Laviamo delicatamente i petali di rose, li scoliamo per bene e li uniamo alle mele insieme all’acqua e la stecca di vaniglia aperta, copriamo col coperchio o un piatto e lasciamo riposare per un paio d’ore. Mettiamo la pentola sul fuoco possibilmente con una piastra sotto per evitare che la composta possa attaccare, lasciamo bollire per qualche minuto, uniamo il miele, il cucchiaino di agar agar e facciamo cuocere mescolando, se c’è bisogno schiumando. Quando le mele si presentano morbide, frulliamo ad immersione e finiamo di cuocere fino alla consistenza di una purea.

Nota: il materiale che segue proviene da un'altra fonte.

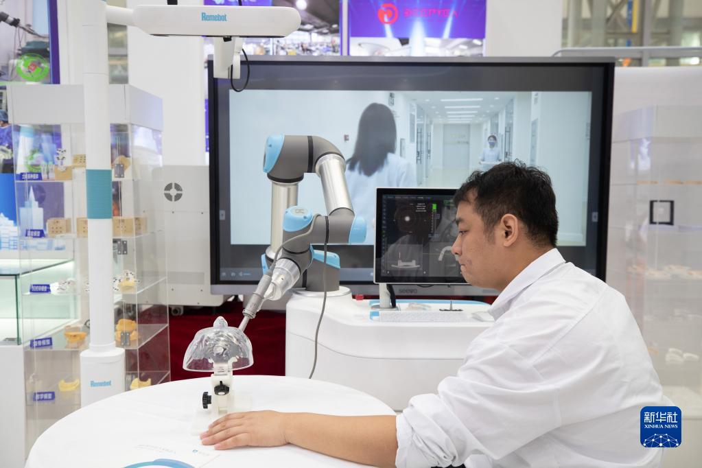 6月16日,參展商在現場操控口腔手術機器人。
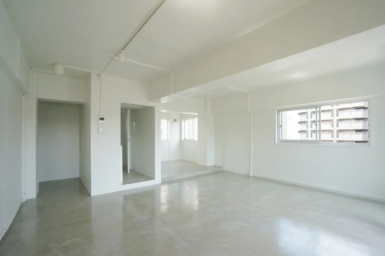 202号室は約40㎡のワンルーム空間。こちらもホワイトで統一されたクリーンな空間です。
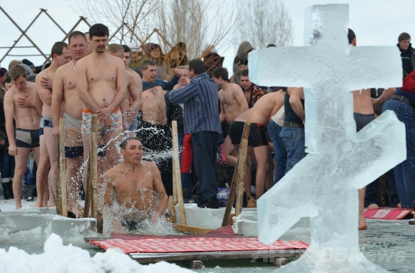 冷たい!凍った湖にざぶん、ロシア正教伝統行事
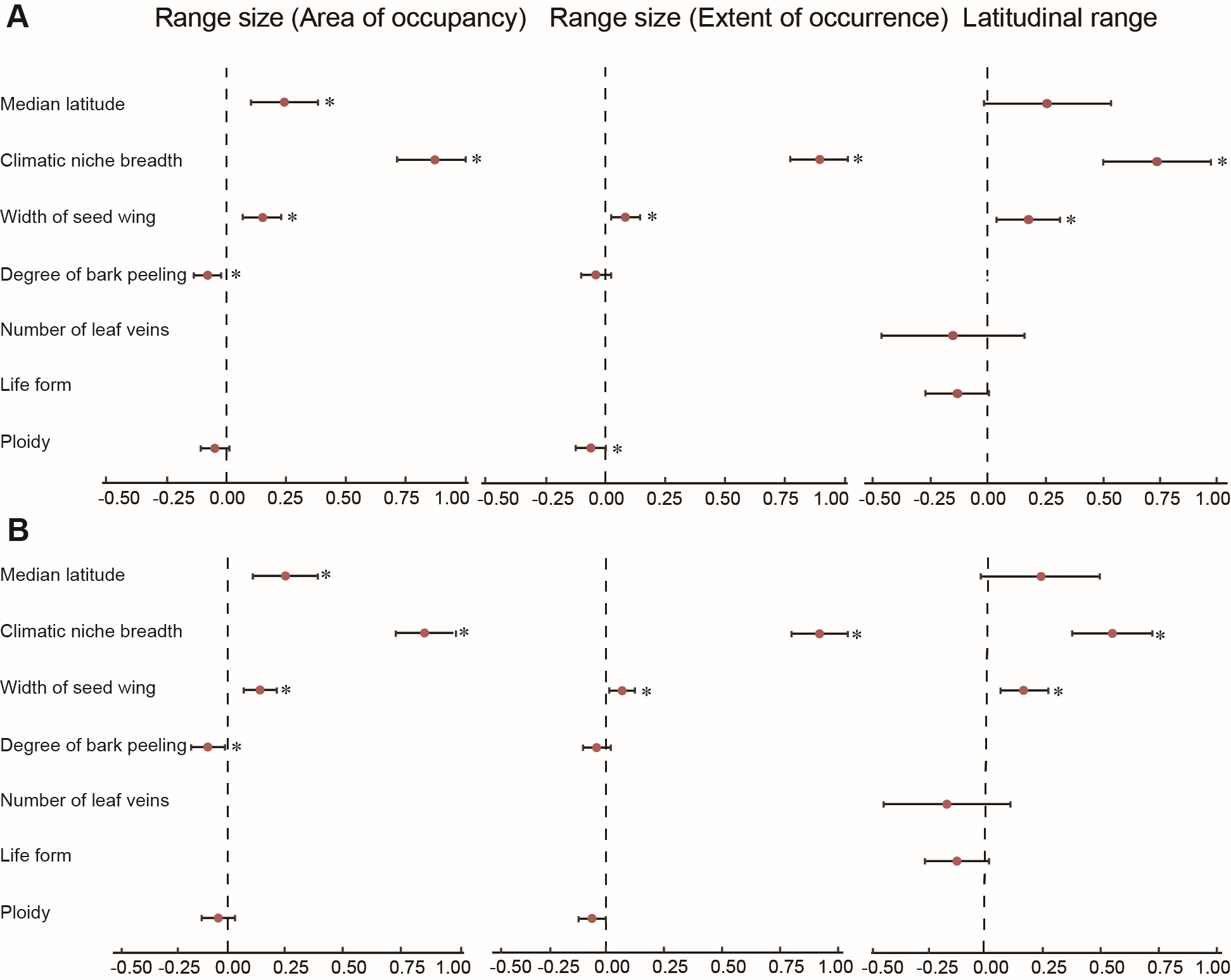 研究结果表明桦木属物种的分布区大小最多可以跨越8个数量级。桦木属物种的分布受温度变量的影响比受降水变量的影响更大。此外,桦木属地理分布面积、性状(如种子翅长、生活型)及倍性存在显著的系统发育信号(图1)。排除系统发育信号的影响,气候生态位宽度及种子翅长同桦木属的地理分布呈现显著的正相关(图2)。本研究支持影响物种分布范围的生态位宽度假说,同时也支持扩散能力假说。相对于扩散能力,气候生态位宽度更能影响桦木属物种的分布大小。该研究为理解物种分布格局的形成机制及其对全球变化的响应提供了借鉴。
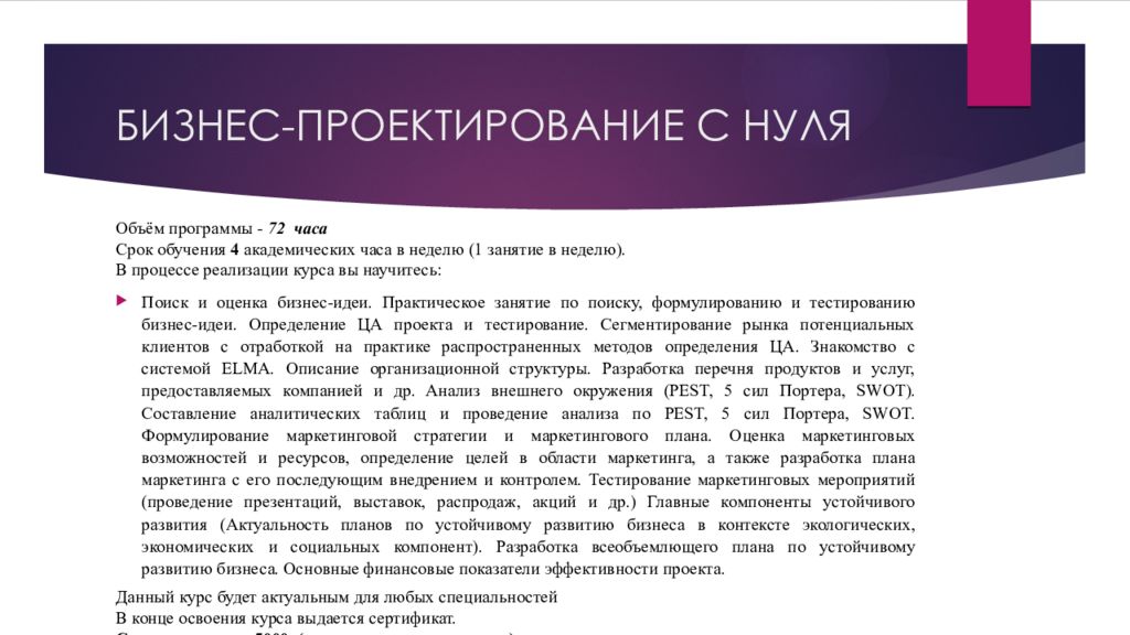 Объём программы - 72 часа Срок обучения 4 академических часа в неделю (1 занятие в неделю). В процессе реализации курса вы научитесь: Поиск и оценка бизнес-идеи. Практическое занятие по поиску, формулированию и тестированию бизнес-идеи. Определение ЦА проекта и тестирование. Сегментирование рынка потенциальных клиентов с отработкой на практике распространенных методов определения ЦА. Знакомство с системой ELMA. Описание организационной структуры. Разработка перечня продуктов и услуг, предоставляемых компанией и др. Анализ внешнего окружения (PEST, 5 сил Портера, SWOT). Составление аналитических таблиц и проведение анализа по PEST, 5 сил Портера, SWOT. Формулирование маркетинговой стратегии и маркетингового плана. Оценка маркетинговых возможностей и ресурсов, определение целей в области маркетинга, а также разработка плана маркетинга с его последующим внедрением и контролем. Тестирование маркетинговых мероприятий (проведение презентаций, выставок, распродаж, акций и др.) Главные компоненты устойчивого развития (Актуальность планов по устойчивому развитию бизнеса в контексте экологических, экономических и социальных компонент). Разработка всеобъемлющего плана по устойчивому развитию бизнеса. Основные финансовые показатели эффективности проекта. Данный курс будет актуальным для любых специальностей В конце освоения курса выдается сертификат. Стоимость курса 5000 ( возможна оплата долями.)

A me piace far riposare per una notte, sia le marmellate che le composte perché da fredde posso capirne meglio la consistenza, se giusta riporto sul fuoco fino al bollore ed invaso subito, se invece risulta ancora liquida, faccio bollire per alcuni minuti ed invaso sui vasetti sterilizzati in forno a 100 gr per una 15 minuti.

In questa preparazione non c’è lo zucchero, c’è il miele ed meno dolce delle marmellate quindi io consiglio la sterilizzazione in pentola mettendo i vasetti e alcuni strofinacci partendo dall’acqua fredda, portando a bollore per una trenta minuti e lasciando freddare la preparazione dentro la pentola. Così siamo sicuri che la composta non si rovini. Una volta aperto un vasetto riponiamolo in frigo. La composta è ottima sul pane, con i formaggi freschi e stagionati, mescolata a yogurt greco bianco da gustare come una crema gelata oppure nella cheesecake sempre con creme di formaggio cremoso o pasticcera. A voi la scelta! Io la trovo deliziosa!

Buona vita, buona composta di petali di rose!

Crema di melagrane croccante con granella di fave tostate di cacao ed agar agar

Non è una marmellata, non è una confettura ma una deliziosa, profumata e croccante crema da mangiare così com’è o per farcire torte o da gustare con lo yogurt bianco o con la ricotta. Per le crostate è consigliabile cuocerle col guscio in bianco e poi spalmare la crema senza farla cuocere per far sì che non perda l’aroma e la croccantezza della granella di fave tostate di cacao.

Ingredienti e preparazione

Un chilo e tre grammi di chicchi di melagrana puliti, stando attenti a togliere ogni eventuale pellicina che renderebbe amara la crema. Questa operazione si fa bene dentro una ciotola con l’acqua. Scoliamo bene i chicchi e mettiamoli in una pentola con 200 gr di acqua, uniamo il succo di due limoni, e facciamo scottare fino al primo bollore. Spegniamo il fuoco e lasciamo così per una notte. Il giorno dopo per facilitare l’operazione, prima frulliamo ad immersione poi con un po’ di pazienza, passiamo il tutto col passaverdura, in questo modo non avremo i semini frantumati fra i denti una volta cotta. Poi rimettiamo il tutto nella pentola con 340 gr di zucchero integrale di canna, mescoliamo e lasciamo cuocere le melagrane. Quando comincia a bollire uniamo 6 gr di polvere di agar agar, mescoliamo per far sciogliere bene l’addensante e lasciamo cuocere per altri 20 minuti. La crema finché è calda si presenta liquida, ma una volta fredda risulta come una crema. Possiamo aumentare di un grammo o due di polvere di agar agar, però io, con 6 gr. ho ottenuto una bella crema. Fate voi a vostro piacere. Ora prima di invasare la preparazione uniamo a piacere le fave tostate di cacao. Chiudiamo con i loro coperchi e se vi piace metteteli sotto sopra per il sottovuoto. Io non l’ho fatto, l’ho lasciati freddare coperti da uno spesso canovaccio. Quando la gusterete, una volta aperto il vasetto, mantenetelo in frigo e consumatelo in pochi giorni. Sarà un bel regalo per il prossimo S. Natale.

Buona vita ❤️e buona crema di melagrane con le fave tostate di cacao.